* **LISTED RECORDS**:
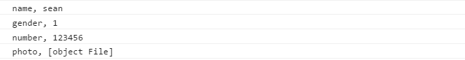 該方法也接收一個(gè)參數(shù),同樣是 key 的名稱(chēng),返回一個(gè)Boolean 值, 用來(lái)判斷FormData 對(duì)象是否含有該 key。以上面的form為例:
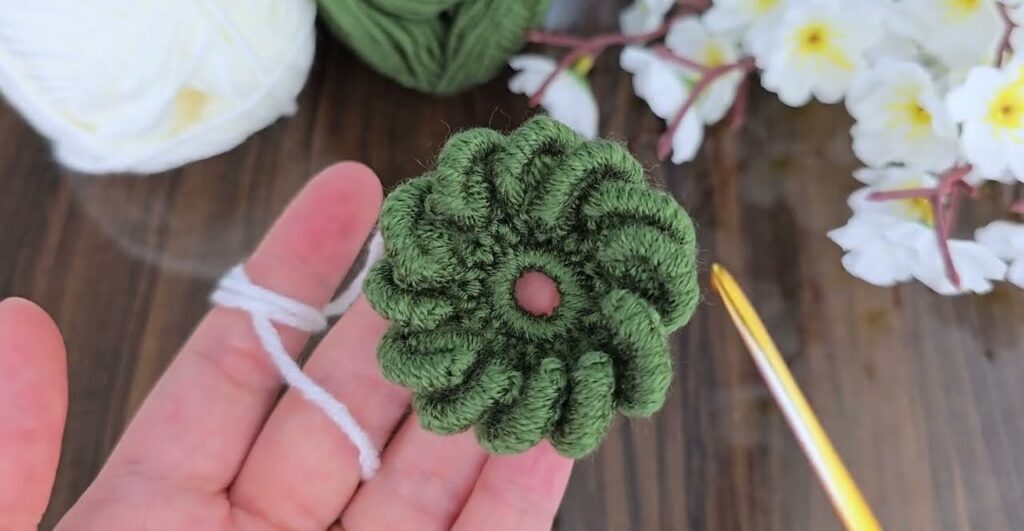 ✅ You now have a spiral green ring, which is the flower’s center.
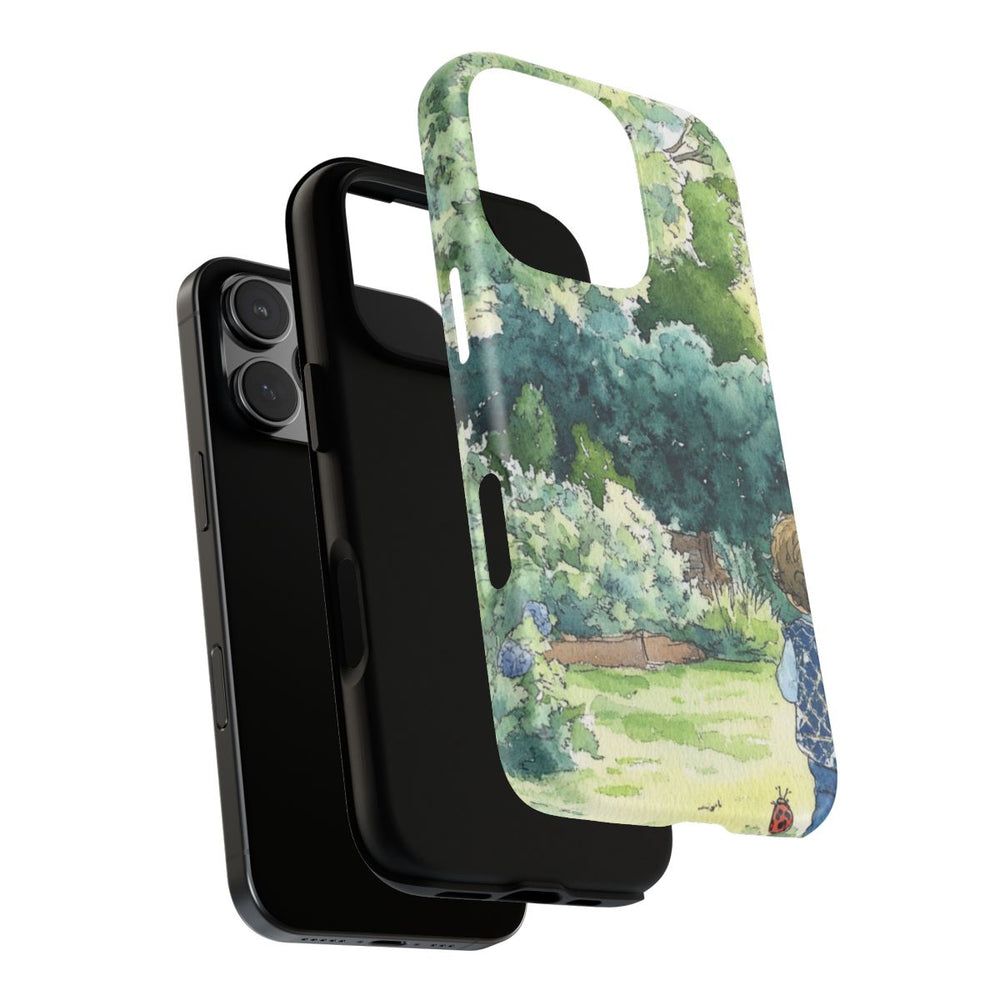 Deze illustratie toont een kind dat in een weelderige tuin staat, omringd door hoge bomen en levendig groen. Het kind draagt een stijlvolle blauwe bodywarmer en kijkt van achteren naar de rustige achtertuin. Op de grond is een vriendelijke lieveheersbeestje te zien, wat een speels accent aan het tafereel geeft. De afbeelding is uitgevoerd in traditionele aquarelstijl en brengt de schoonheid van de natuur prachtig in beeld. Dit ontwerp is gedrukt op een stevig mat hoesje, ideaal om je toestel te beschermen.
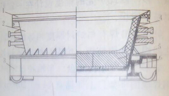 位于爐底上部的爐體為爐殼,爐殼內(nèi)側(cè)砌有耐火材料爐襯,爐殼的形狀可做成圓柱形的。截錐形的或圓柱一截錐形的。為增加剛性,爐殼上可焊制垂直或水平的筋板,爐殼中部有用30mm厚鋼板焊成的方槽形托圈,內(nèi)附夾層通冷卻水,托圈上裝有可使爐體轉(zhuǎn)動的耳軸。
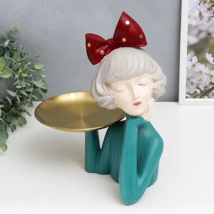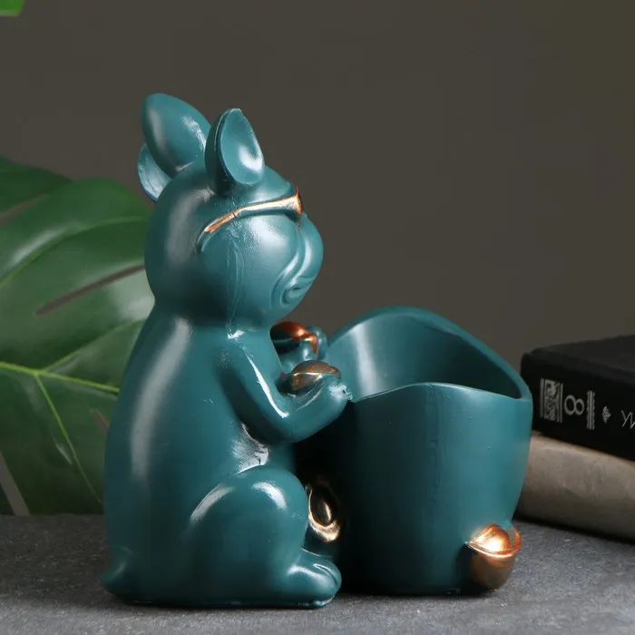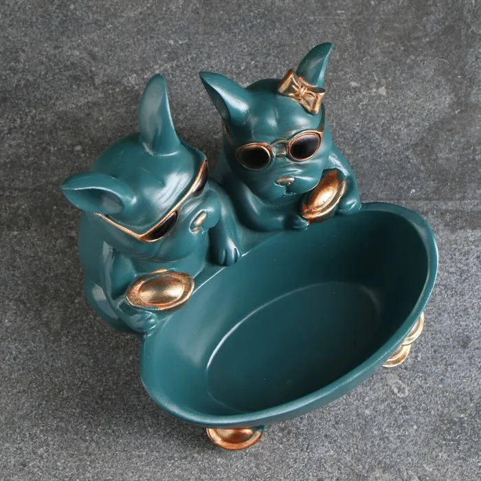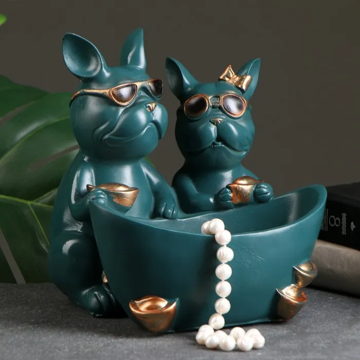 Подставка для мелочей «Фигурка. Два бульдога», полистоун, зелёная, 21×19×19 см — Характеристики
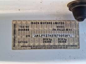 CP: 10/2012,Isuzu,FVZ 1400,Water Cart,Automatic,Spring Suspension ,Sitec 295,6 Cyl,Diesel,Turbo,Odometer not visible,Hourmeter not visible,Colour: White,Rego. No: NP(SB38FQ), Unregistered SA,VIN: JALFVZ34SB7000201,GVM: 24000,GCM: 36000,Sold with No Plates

* **PROBLEM**: Repeat the records word for word. Leave out whatever pictures they hold.

* **EXERCISE SOLUTION**:
 該方法也接收一個(gè)參數(shù),同樣是 key 的名稱(chēng),返回一個(gè)Boolean 值, 用來(lái)判斷FormData 對(duì)象是否含有該 key。以上面的form為例:
 ✅ You now have a spiral green ring, which is the flower’s center.
 Deze illustratie toont een kind dat in een weelderige tuin staat, omringd door hoge bomen en levendig groen. Het kind draagt een stijlvolle blauwe bodywarmer en kijkt van achteren naar de rustige achtertuin. Op de grond is een vriendelijke lieveheersbeestje te zien, wat een speels accent aan het tafereel geeft. De afbeelding is uitgevoerd in traditionele aquarelstijl en brengt de schoonheid van de natuur prachtig in beeld. Dit ontwerp is gedrukt op een stevig mat hoesje, ideaal om je toestel te beschermen.
 位于爐底上部的爐體為爐殼,爐殼內(nèi)側(cè)砌有耐火材料爐襯,爐殼的形狀可做成圓柱形的。截錐形的或圓柱一截錐形的。為增加剛性,爐殼上可焊制垂直或水平的筋板,爐殼中部有用30mm厚鋼板焊成的方槽形托圈,內(nèi)附夾層通冷卻水,托圈上裝有可使爐體轉(zhuǎn)動的耳軸。
 Подставка для мелочей «Фигурка. Два бульдога», полистоун, зелёная, 21×19×19 см — Характеристики
 CP: 10/2012,Isuzu,FVZ 1400,Water Cart,Automatic,Spring Suspension ,Sitec 295,6 Cyl,Diesel,Turbo,Odometer not visible,Hourmeter not visible,Colour: White,Rego. No: NP(SB38FQ), Unregistered SA,VIN: JALFVZ34SB7000201,GVM: 24000,GCM: 36000,Sold with No Plates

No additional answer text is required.